Gov. Mark R. Warner (D), who ordered the sweeping review, will include the money to pay for it in his final budget. Senior lawmakers said they expected no opposition to the request for funds when the General Assembly convenes next month.

"I don't care if it costs $10 million," said state Sen. Kenneth W. Stolle (R-Virginia Beach), who chairs the Senate Courts of Justice Committee and is a former police officer. "Whatever it costs. There's an unacceptable error rate that demands we review all these cases."

Advocates of DNA testing immediately seized on the Virginia results as further proof that the judicial system in the United States relies too heavily on eyewitness evidence that is often wrong.

William S. Sessions, FBI director from 1987 to 1993, said the Virginia results should compel governors in other states to make DNA testing broadly available to inmates before and after conviction.

"All across the United States . . . they should cough up those evidence lockers, clean them out, test them," Sessions said. "So it costs $1,000. So what? If in fact DNA at any time can establish that the person charged is not the correct person, we should pay attention to it."

But other lawyers were not so sure that a wholesale review of long-settled cases is in order.

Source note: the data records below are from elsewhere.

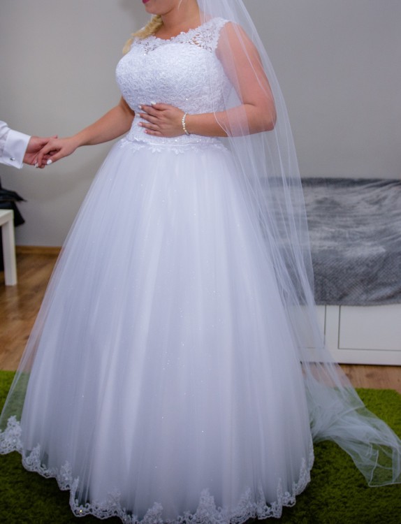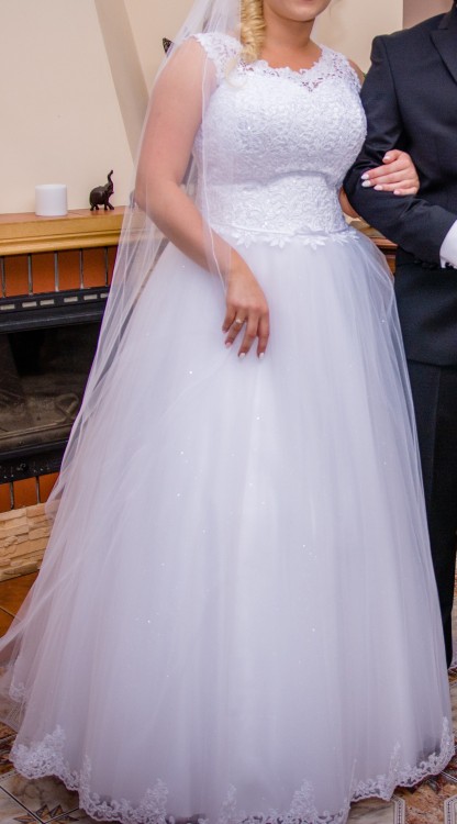 Witam, na sprzedaż suknia ślubna Magdalena w rozmiarze ok. 40-42 na duży biust, ale bez problemu wejdą również większe Panny Młode że względu na kryte sznurowanie pod guziczkami :) możliwość również zwężenia sukni. Góra jest gorsetowana i wyszyta gipiurą, dół zaś jest tiulowy na małym kole, pod pierwsza warstwa tiulu znajduje się warstwa brokatowa która nadaje sukni niepowtarzalny blask. Suknia szyta na wzrost 170cm przy 7,5cm obcasie, ale bez problemu można ją skrócić.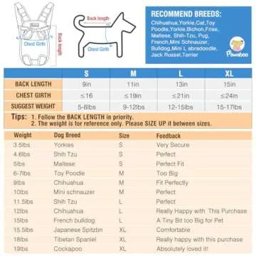 Show more The Pawaboo Dog Carrier Backpack is a revolutionary product designed specifically for small dogs weighing up to 18 pounds, offering both comfort and convenience for pet owners. This innovative carrier ensures that your furry friend is securely nestled close to you, making every adventure enjoyable and stress-free. The legs-out and tail-out design allows your pet to sit comfortably while also feeling more secure, alleviating anxiety they might experience in traditional carriers. With easy-to-use hook-and-loop, zipper, and elastic openings, this backpack adapts to your pet's size, providing a snug fit.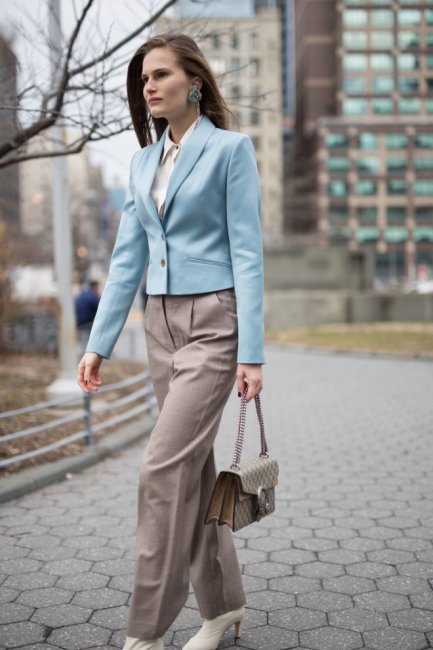 Весной светло-голубой цвет потеснил любимые всеми millennial pink и пастельно-лиловый. В теплое время года освежающий оттенок голубого латте выглядит органично на фоне неба или розового заката. На Неделе моды в Нью-Йорке с лазурным цветом экспериментировали Victoria Beckham, Ralph Lauren, Alexander Wang и звезды streetsyle-хроники. Нежно-голубой хорош и тем, что без проблем впишется в осеннюю палитру — он гармонично сочетается с коричневым, алым и серым. А остаток лета одежду цвета неба можно носить с палитрой белого и бежевого. ELLE выбрал несколько вещей приятного оттенка голубого латте. Сумки Топ Брюки Пиджак Аксессуары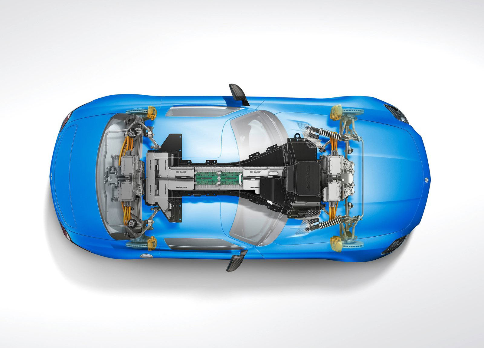For a supercar that's seemingly from another planet once you pop the hood, the SLS Electric Drive largely looks the same as any internal-combustion-powered SLS. The grille gets "bionic honeycomb-shaped" openings, and it and the adjacent air intakes receive body-matching paint. Paint aside, these openings are functional, feeding air to various cooling bits. Exterior colors are limited to the chromatic blue you see in the photos, an exclusive matte neon yellow called electricbeam, and four others. A new gauge cluster features in the electric SLS, and it replaces a tachometer with a display providing information on power requirements, regeneration status, transmission modes, and battery charge.

"Do mistakes get made from eyewitness cases? Yeah. But does that mean you go back and reexamine every case? I don't know," said James R. Wooley, a former prosecutor who served on a national panel on DNA testing and testified before Congress. "Everything that you would reexamine has its own facts and its own circumstances."

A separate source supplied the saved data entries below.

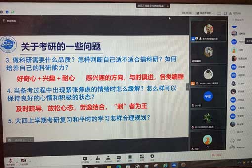本次学风建设主题班会,四位优秀校友各有侧重,通过自己的亲身经历帮助2019级全体同学进一步认识了自己所学的专业,坚定了学习信心、鼓舞了学习热情;为鼓励全体2019级同学积极备战考研、做好职业规划、进一步推动学院良好学风建设打下了坚实基础。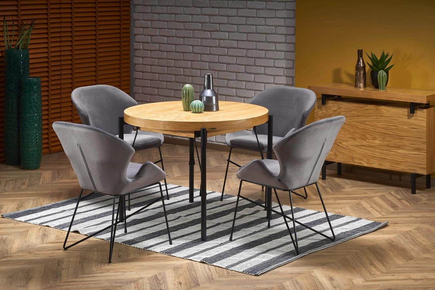 • Kulatá, rozkládací deska – pohodlná komunikace u stolu a maximální komfort sezení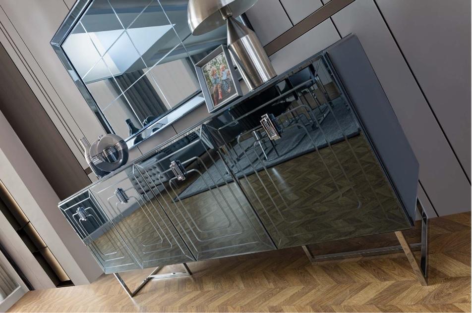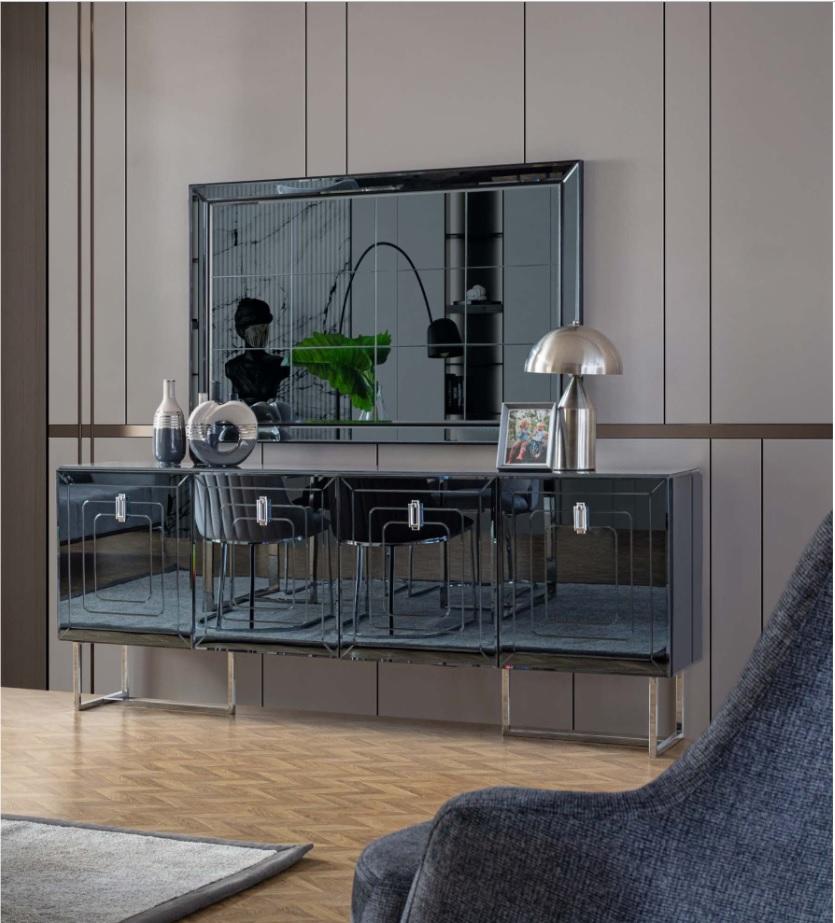 Graue Esszimmer Möbel Glasspiegel Designer Edelstahl Anrichte Luxus Set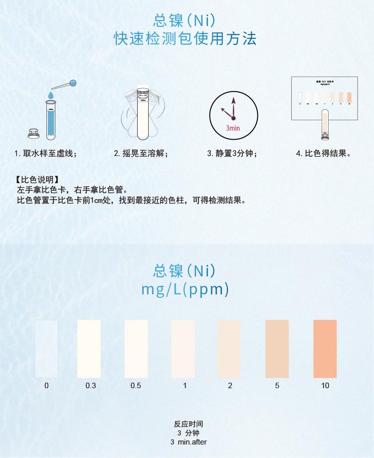 2.本產(chǎn)品檢測水中鎳離子(Ni2+)含量在0-5mg/L(ppm)范圍內(nèi),濃度過高會產(chǎn)生紅色沉淀而影響比色,若要檢測5mg/L以上濃度水樣,請預先稀釋水樣后再進行測定,具體操作見稀釋說明書。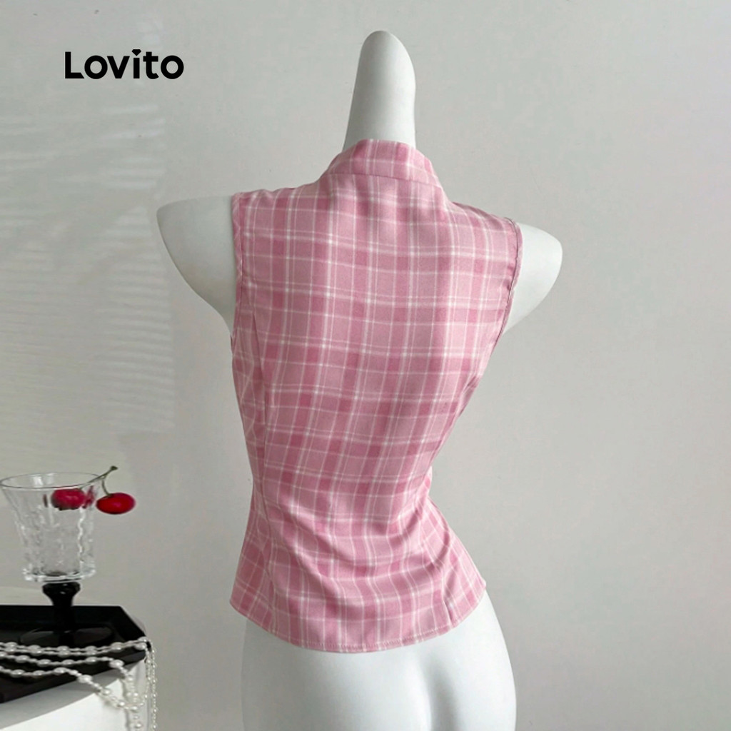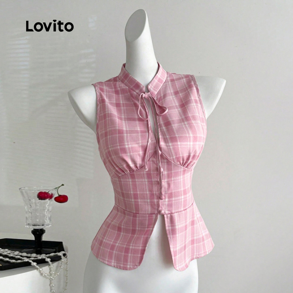 Lovito Casual Top Bow Button Primavera/verão Rosa Top para mulheres LK2AD457

Circumstances surrounding the two Virginia men who were exonerated Wednesday began emerging Thursday.

Willie Davidson was released from prison in 1992, after serving 12 years, said his attorney, James O. Broccoletti of Norfolk, and had maintained his innocence all along.

Davidson, 49, was convicted by a judge of raping a 66-year-old widow in her Norfolk home on Thanksgiving Day in 1980. The woman identified Davidson as her attacker. He was also convicted in a bench trial of statutory robbery and two counts of sodomy and was sentenced to four 20-year terms, to be served concurrently.

Since his release, Davidson, who declined through his attorney to be interviewed, has struggled to make a decent living. He lost job and housing opportunities because of his conviction, Broccoletti said.

"The way he sees it, he spent 12 years in hell and the last 13 years in purgatory," Broccoletti said in a telephone interview.

Virginia officials have declined to identify the man, now 50, who was cleared Wednesday of a rape in Alexandria.

The rape occurred about 5:45 a.m. Dec. 30, 1984. A 37-year-old woman was dragged from a bus stop at West Glebe Road and Executive Avenue. Her screams awoke neighbors, one of whom testified that he saw a man beat and choke the woman as she lay on the ground.

In Richmond, a scientist at the state Department of Forensic Science has begun working through the first 15 boxes, each containing about 250 case files from the early 1970s, said Paul B. Ferrara, the department director.

Over the holidays, graduate students from Virginia Commonwealth University will help sort through the files to determine which ones are appropriate for biological testing.

In cases where samples are too degraded to test, authorities eventually will search courthouses to see whether evidence from a trial has been preserved. In most older cases, evidence was destroyed after a defendant's appeals were exhausted, but not always, Ferrara said. He said the goal would be to try to come to some conclusion on all the cases.

Officials expect that DNA from about 300 cases eventually will be tested.

"I think it's clear there are going to be more exonerations," Ferrara said.

Stockwell reported from Alexandria. Staff writer Maria Glod contributed to this report.